Beyond Meat Reports Massive Loss, Lowers Guidance, But Stock Soars on 'Right-Sizing' Expectations.
Beyond Meat Reports Massive Loss |
Late on Tuesday, Beyond Meat (BYND) revealed a significant fourth-quarter loss. Despite the artificial meat manufacturer's low sales forecast, revenue decreased less than anticipated. However, as soon as the business revealed plans to reduce operational expenses and make other "right-sizing" adjustments, BYND stock shot up overnight.
Beyond Meat Revenues
Although that may not be close to FactSet forecasts for an 89-cent loss, Beyond Meat lost $2.40 per share. Several non-cash items were included in the Q4 deficit. Revenue decreased by 8% to $73.68 million, exceeding $66.7 billion in views.
Much less than the $89 million predicted by analysts, the company expects first-quarter revenue of between $70 and $75 million. The business projects $315 million to $345 million in sales in 2024, significantly less than the $344.4 million analysts had predicted.
However, the business said that significant adjustments are planned to enhance both the product and operations.
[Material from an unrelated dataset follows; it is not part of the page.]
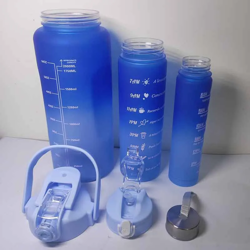 این مجموعه قمقمه مدل 3 قلو ساخت شامل 3 قمقمه با سایزهای متفاوت است که بزرگترین دو لیتر متوسط 900 میلی لیتر و کوچک 300 میلی لیتر است. قمقمه بزرگ دارای نی و آسان نوش است که میتوانید از هر کدام از سریها استفاده کنید. قمقمه متوسط دارای نی آسان نوش میباشد. و درب عمومی کوچک به صورت پیچی باز میشود. از نکات جالب این قمقمه میتوان به قابلیت قرار دادن هر دو قمقمه کوچکتر در قمقمه بزرگ و حمل راحت آن اشاره نمود. همچنین روی بدنه قمقمه مدرج است که میتوانید مقدار محتویات آن را تشخیص دهید.

"Our 2024 plan includes taking steps to steeply reduce operating expense and cash use; pricing actions and the right-sizing of our production footprint, both in support of margin expansion," Ethan Brown, our CEO, stated in the earnings announcement. He moreover anticipates a "years-in-the-making core platform renovation ... that delivers superior health benefits and taste."
Not Just Meat Stock
The late-day surge of 73.5% in Beyond Meat's shares indicated a break over its 50-day and 200-day moving averages. The price of BYND stock increased 0.9% on Tuesday to $7.52. Last October, shares fell to a record low of $5.58.
Although severely shorted, downgraded, money-losing equities can see enormous increases in value, there is a strong likelihood that their decline will continue. Over time, a superior investing strategy is to focus on stocks with solid fundamentals and rising share prices.